To understand which legal rights the Nonhuman Rights Project is demanding for nonhuman animals, we need to understand what legal rights are.

During World War I, a young Yale law professor, Wesley Hohfeld, tried to understand what judges meant when they talk about legal rights. He concluded that legal rights were advantages conferred by legal rules upon one legal person against another. One person always has a legal advantage (that’s the right), while another person always has the corresponding legal disadvantage. It always takes two. Like “Love and Marriage,” you can’t have one without the other.

Not everyone agrees Hohfeld got rights right. And his system can get complicated. But most common law judges, when they start dissecting legal rights, eventually find their way back to Hohfeld. Remember: only a legal person has the capacity to have a legal right. That’s why legal personhood is the bull’s-eye for the Nonhuman Rights Project.

Hohfeld came up with four correlating pairs of advantages and disadvantages, which include four kinds of legal rights:

A “liberty” allows a person to do as she pleases, but she has no right to have her liberty respected. It’s a permission without a protection, and it correlates with the “no-right.” A person with a “no-right” has no claim on another person to do, or not to do, anything. Professor H.L.A. Hart neatly illustrated the relationship between a liberty and a “no-right” when he explained that you may be at liberty to look over your neighbor’s fence, but your neighbor is not obliged to stand there and be looked at.

A “claim” demands some respect. It places a correlating “duty” upon another person to act, or not act, in some way towards the claimant. Say you and I sign a contract in which you agree to sell me your house for $300,000 and I agree to pay you for it. I have a claim on you for your house; you have a duty to give it to me. You have a claim on me for the money: I have a duty to give it to you.

A “power” affects the legal rights of any other person “liable” to be affected. The power to sue is probably the most important power that exists.
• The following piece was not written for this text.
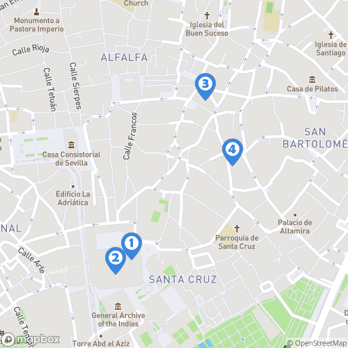 1. Minaret de la Giralda 2. Cathédrale Notre-Dame du Siège de Séville 3. La bodega de la alfalfa 4. Hotel Petit Palace Santa Cruz

Finally, an “immunity” legally “disables” one person from interfering with another. Claims tell us what what we should not do; immunities what we cannot legally do. You cannot enslave me, as human slavery is prohibited; humans are immune from enslavement. Such immunities as freedom from slavery and torture are the most basic kind of human rights. And it’s these legal rights that the Nonhuman Rights Project argues that at least some nonhuman animals are most strongly entitled.